O que estes dados significam é que, durante o período referido, foi estimado que cada 10 infectados deram origem, em média, a 18 novos casos. Apesar de todas estas estimativas estarem sujeitas a “um elevado grau de incerteza”, os dados demonstram que “há um resultado inequívoco” dos esforços que têm vindo a ser feitos pela população, disse a governante.

A Organização Mundial de Saúde (OMS) tem falado num número médio de contágios causado por cada pessoa infectada que ronda os 2,5. Mas há outros estudos e estimativas. Um desses estudos publicado no Journal of Travel Medicine já apontava no final de Fevereiro para uma estimativa de 3,28. Um outro trabalho publicado na Science dedicado ao caso da China indicava que o esforço inicial de contenção da doença reduziu este índice de 2,38 (entre 24 de Janeiro e 3 de Fevereiro) para 1,36 (24 de Janeiro a 8 de Fevereiro). Sobre o caso crítico de Itália, um estudo de uma equipa de cientistas italianos divulgado na semana passada na plataforma de pré-publicações de acesso aberto medRxiv revelou que este índice na Lombardia (Norte de Itália) era de 4 até 8 de Março.​

Mas não se pode baixar a guarda, insiste Marta Temido. Numa intervenção emotiva, a ministra lembrou que a pandemia “tem alterado profundamente as nossas rotinas” e as “relações laborais e afectivas” e que é natural que todos tenhamos medo. “Mas este é o momento para equilibrar o medo e a coragem. A coragem de ficar em casa, de continuar a ajudar os outros desde que devidamente protegidos, e a pedir ajuda quando precisamos dela”.

Vão ser distribuídos 260 mil testes

Numa altura em que muitos testes laboratoriais para rastreio de covid-19 têm sido adiados por falta de material, Portugal prepara-se já para avançar com outros países na detecção da imunidade das pessoas que já tiveram contacto com o novo coronavírus, revelaram as duas responsáveis na conferência de imprensa. Quem está a esperar e desesperar pelos testes de rastreio da infecção pelo novo coronavírus, vai poder fazê-los em breve: já estão em condições de ser distribuídos 80 mil zaragatoas (uma espécie de cotonetes para retirar amostras das fossas nasais) e 260 mil testes para colmatar a falta que se tem sentido tanto nos hospitais públicos como nos centros privados, anunciou a ministra. 

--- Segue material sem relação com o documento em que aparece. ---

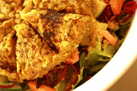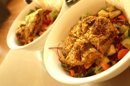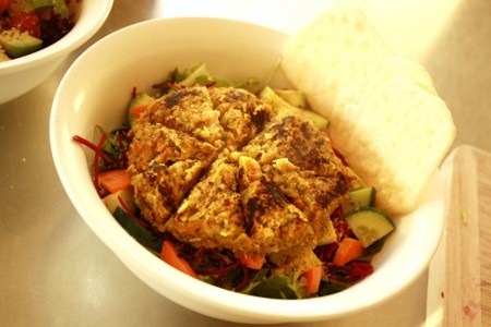 J’ai simplement ajouté un peu d’huile d’olive en guise de vinaigrette puisque les burgers étaient très épicés.
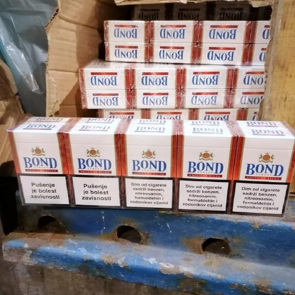 Skidanjem limene konstrukcije kojom je prednji deo prikolice bio pregrađen, otkriven je tzv. „bunker“ do vrha ispunjen boksovima cigareta „bond“ bez akciznih markica.
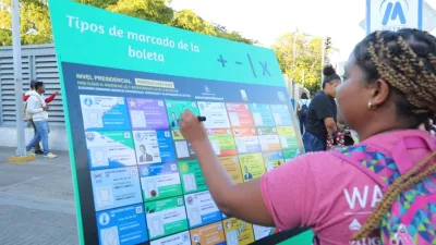 En la parte frontal de las estaciones, los activistas aprovecharon el flujo de personas que utilizan diariamente el Metro, estimado en unos 60 mil en horario pico, a los cuales utilizando una pizarra en la que colocaron una boleta electoral ampliada, les enseñaron cómo votar por Leonel Fernández en las elecciones presidenciales que se celebrarán el 19 de mayo.
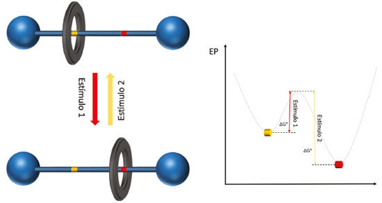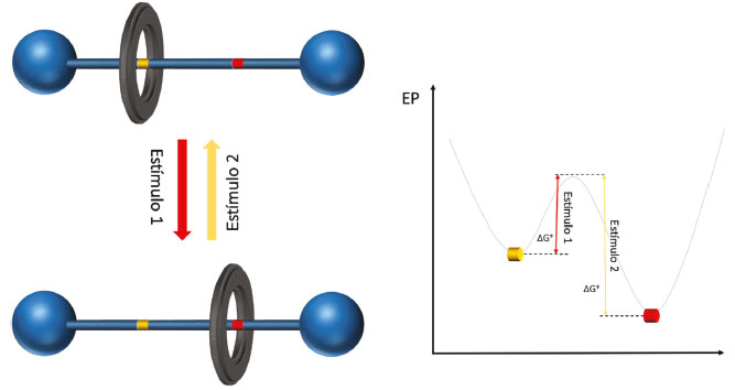 A desblindagem dos hidrogênios C e D é característico de quando o átomo de hidrogênio está participando de uma ligação de hidrogênio (e.g., NH∙∙∙O), isso porque os átomos mais eletronegativos estão atraindo a densidade eletrônica para si, deixando o hidrogênio mais suscetível a sentir o efeito do campo magnético exercido pelo RMN94 (Figura 7). Quando a interação é rompida, com o aumento da temperatura, o hidrogênio volta a ser blindado e, no espectro de RMN, é movido para deslocamentos químicos menores.71 A formação de uma interação C-H∙∙∙π é caracterizada pela blindagem do sinal do hidrogênio que participa desta interação. Isso ocorre devido ao efeito anisotrópico exercido pelos anéis benzílicos presentes no macrociclo, blindando os hidrogênios quando estão espacialmente dentro do cone de blindagem anisotrópico.95 O rompimento da interação C-H∙∙∙π com o aumento de temperatura é caracterizado pela desblindagem dos hidrogênios e'8A e e'8B, como observado na Figura 7. Além do movimento de rotação, experimentos de RMN podem ser utilizados para observar outros movimentos característicos,96 como o de translação, ou seja, a capacidade de locomoção do macrociclo ao longo do eixo molecular. Esse movimento, em particular, foi primeiramente observado por L. Anelli, N. Spencer e J. F. Stoddart em 1991,97 ao utilizarem uma molécula de [2]rotaxano com um eixo molecular contendo duas estações. Os autores puderam rastrear em qual das estações permanecia o macrociclo, por meio de experimentos de RMN de 1H com variação de temperatura.97 Nesse trabalho, os autores declararam, em tradução livre: "Agora existe a oportunidade de explorar o movimento molecular [translacional] inserindo estações diferentes ao longo do eixo molecular [...] de tal maneira que essas diferentes estações possam ser alcançadas seletivamente por meios químicos, eletroquímicos ou fotoquímicos [...]. Na medida em que for possível controlar o movimento de um componente molecular em relação ao outro em um [2]rotaxano, a tecnologia para a construção de "máquinas moleculares" emergirá."97 E, de fato, os primeiros exemplos de rotaxanos que contém mais de uma estação, que respondem a estímulos externos, foram descritos nos anos seguintes.98-100 Para que um rotaxano funcione no transporte molecular é necessário mais de uma estação no eixo molecular, sendo uma de maior afinidade energética (maior estabilidade), em que o macrociclo tende a ficar posicionado e outra de menor afinidade (menor estabilidade).23,96,101,102 Por meio de algum estímulo externo (Estímulo 1, Figura 8), o macrociclo pode mudar de estação e se mover ao longo do eixo molecular, permanecendo posicionado no estado de menor afinidade, mas ainda na menor energia potencial depois do estímulo. O sistema pode ser restaurado ao estado original por meio de outro estímulo (Estímulo 2, Figura 8), e se esse processo puder ser controlado e sistematizado, teremos assim uma máquina molecular.103

Depois da avalanche de pedidos que se verificou desde que, no dia 26 de Março, a Direcção-Geral da Saúde alargou aos centros de saúde a prescrição destes testes e a todos os que têm pelo menos um sintoma da doença, muitos dos locais onde o rastreio estava a ser realizado começaram a adiar estes rastreios. A falta de testes tem sido uma das questões que mais controvérsia tem gerado, mas Marta Temido indicou que, entre 1 de Março e 1 de Abril, foram realizados já 88.497.

Outra boa notícia é a de que Portugal vai, em conjunto com outros países, e através do Instituto Nacional de Saúde Dr. Ricardo Jorge, efectuar testes para a detecção de anticorpos que se geram após a infecção, o que permitirá perceber qual a proporção da população que já adquiriu imunidade. O projecto ainda está em fase piloto mas é a esperança para os que já tiveram contacto com o vírus e ganharam imunidade poderem retomar a sua vida normal.

“A doença em Portugal começou há cerca de um mês, portanto, a maior parte dos nossos doentes ainda está em fase de recuperação. Vamos ter de perceber qual é a altura ideal para fazer o teste, numa amostra da população”, explicou Graça Freitas.